● **DATA IN THIS EXERCISE**:
+ + + +
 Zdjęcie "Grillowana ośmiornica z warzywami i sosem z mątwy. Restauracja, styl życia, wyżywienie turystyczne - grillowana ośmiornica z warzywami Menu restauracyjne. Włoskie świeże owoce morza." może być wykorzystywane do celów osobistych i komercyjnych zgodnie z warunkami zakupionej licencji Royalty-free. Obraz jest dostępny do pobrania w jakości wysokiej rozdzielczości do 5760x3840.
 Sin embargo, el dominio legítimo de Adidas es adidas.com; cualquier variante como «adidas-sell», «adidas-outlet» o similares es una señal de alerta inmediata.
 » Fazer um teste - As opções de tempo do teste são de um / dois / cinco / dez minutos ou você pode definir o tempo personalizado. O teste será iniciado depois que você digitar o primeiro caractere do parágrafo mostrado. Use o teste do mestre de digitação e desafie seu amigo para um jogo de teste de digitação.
+ + + +
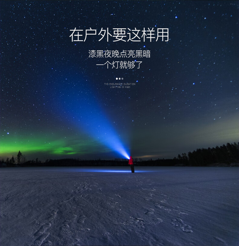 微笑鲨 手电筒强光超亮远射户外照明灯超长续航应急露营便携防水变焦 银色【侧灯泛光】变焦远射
+ + + +
● **PROBLEM DESCRIPTION**: Take the lines above from the one containing "rozdzielczości do 5760x3840." to the one containing "teste de digitação." and retype them exactly, both ends included, with nothing added.

● **ANSWER TO THE PROBLEM**:
 Zdjęcie "Grillowana ośmiornica z warzywami i sosem z mątwy. Restauracja, styl życia, wyżywienie turystyczne - grillowana ośmiornica z warzywami Menu restauracyjne. Włoskie świeże owoce morza." może być wykorzystywane do celów osobistych i komercyjnych zgodnie z warunkami zakupionej licencji Royalty-free. Obraz jest dostępny do pobrania w jakości wysokiej rozdzielczości do 5760x3840.
 Sin embargo, el dominio legítimo de Adidas es adidas.com; cualquier variante como «adidas-sell», «adidas-outlet» o similares es una señal de alerta inmediata.
 » Fazer um teste - As opções de tempo do teste são de um / dois / cinco / dez minutos ou você pode definir o tempo personalizado. O teste será iniciado depois que você digitar o primeiro caractere do parágrafo mostrado. Use o teste do mestre de digitação e desafie seu amigo para um jogo de teste de digitação.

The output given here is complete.